Q. Did they at work when you were trying to work? A. I mean, when they’re behind me talking and catch my attention, then I’d lose my attention to what I was doing. And I never finish it. Or I was going too slow to finish it, so they kept moving me around to other things that they said I couldn’t keep up with, then they put me doing some wrapping up pallets and stuff like that and then having three or four at a time to do. I couldn’t keep up with none of it. (Tr. 52-53.) Plaintiff fails to complain of anything that would give the ALJ notice she was claiming intellectual disability. Rather, her testimony led the ALJ to find she was limited in her ability to concentrate, had difficulty interacting with the public, and keeping up a fast production pace – as
was all accounted for in the ALJ’s RFC assessment. (Tr. 21.) status examinations were generally normal and showed no impairment in cognition, speech, thought impairment, logical thought processes, and showed Ms. Huffins had average intelligence,
was fully oriented, had normal memory, and good insight and judgment. (Tr. 444-445, 455-456, 464-465, 472, 479, 486, 589, 592, 595, 598, 605, 615, 624, 629, 634, 639, 644, 649, 671, 694, 700, 703, 706, 710, 712, 715, 718, 721, 724.) Treatment notes also regularly reported Ms. Huffins having “No limitations” functionally. (Tr. 465, 472, 480, 486, 615, 624, 629, 634, 639, 644, 649, 672, 695). And the Mental Diagnostic Evaluation performed by Samuel Hester, Ph.D., revealed nothing that could be considered disabling. (Tr. 734-740.) Accordingly, I find no merit to Plaintiff’s arguments. Counsel for both sides have done exemplary work on behalf of their respective clients. But the evidence provides substantial support for the ALJ’s determination that Ms. Huffins is not disabled.

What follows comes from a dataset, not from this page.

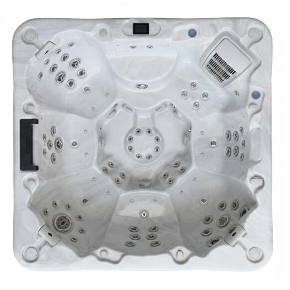Het cabinet van onze spa’s is dubbellaags geïsoleerd. Aan de buitenkant bestaat de isolatie uit een dikke laag ThermaShield met daarachter een isolerende vulling die infrarood warmte weerkaatst. Daarnaast heeft de jacuzzi een ABS bodem met isalatie welke de kou overdracht uit de grond tegen gaat. De kuip is geïsoleerd met high density isolatie foam, tot wel 5 cm dik. Op deze manier wordt de warmte optimaal benut en behouden.
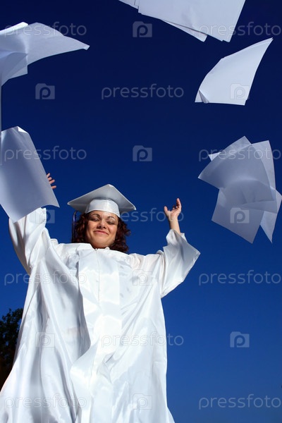 Счастливая молодая девушка в костюме выпускника, кидающая листы бумаги в синее небо

I have reviewed the entire record, including the briefs, the ALJ’s decision, the transcript of the hearing, and the medical and other evidence. It is not the task of a court to review the evidence and make an independent decision. Neither is it to reverse the decision of the ALJ because there is evidence in the record which contradicts her findings. The test is whether there is substantial evidence supports the decision of the ALJ. E.g., Mapes v. Chater, 82 F.3d 259, 262 (8th Cir. 1996); Pratt v. Sullivan, 956 F.2d 830, 833 (8th Cir. 1992). There is ample evidence on the record as a whole that “a reasonable mind might accept as adequate to support [the] conclusion” of the ALJ in this case. Richardson v. Perales, 402 U.S. at 401; see also Reutter ex rel. Reutter v. Barnhart, 372 F.3d 946, 950 (8th Cir. 2004). The Commissioner’s decision is not based on legal error. IT IS, THEREFORE, ORDERED that the final decision of the Commissioner is affirmed, and Plaintiff's Complaint is dismissed with prejudice. DATED this 24" day of September 2025.